- 1 lb medium shrimp, peeled and deveined (31-35 per pound)
- 1 teaspoon crushed red pepper flakes
- 6 tablespoons extra virgin olive oil
- 1 1⁄2 tablespoons salt
- 1⁄4 cup cognac or 1⁄4 cup brandy
- 1⁄4 cup minced garlic
- 1⁄2 teaspoon sugar
- 1 (28 ounce) can diced tomatoes, drained
- 1 cup dry white wine
- 1 lb linguine
- 1⁄4 cup fresh minced parsley
Directions See How It's Made
- Heat a 12 inch skillet over high heat for 4 minutes.
- Toss shrimp with 1/2 of the red pepper flakes, 2T oil, 3/4 t salt.
- Add shrimp to hot skillet quickly arrange in single layer sear until bottom of shrimp forms small spots of crust about 30 seconds.
- Remove from heat and turn shrimp over and add cognac pause until cognac has warmed up slightly about 5 seconds,return to high heat ignite cognac shaking pan when flames are out about 15-30 seconds later pour shrimp into bowl set aside.
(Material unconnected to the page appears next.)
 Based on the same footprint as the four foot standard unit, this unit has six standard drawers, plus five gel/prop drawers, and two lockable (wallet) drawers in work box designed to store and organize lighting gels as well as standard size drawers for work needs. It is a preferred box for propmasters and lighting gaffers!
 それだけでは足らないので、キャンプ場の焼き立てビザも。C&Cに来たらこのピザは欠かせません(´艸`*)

- Allow skillet to cool return to burner over low heat add 3T oil, 3T garlic; sauté until sticky about 7-10 minutes.
- Add the rest of the red pepper flakes, 3/4t salt, sugar, tomatoes, and wine; heat on medium high and then simmer until thickened, about 8 minutes.
- Stir in shrimp with accumulated juices, remaining 1T garlic and parsley; simmer until shrimp is heated through, about 1 minute.
- Take off heat stir in 1T olive oil.
- Cook pasta in salted water save 1/3 cup pasta water; drain.
- In a pot add pasta 1/2 cup sauce (no shrimp) add 2-3T pasta water toss.
- Put some pasta on plates top with sauce and shrimp.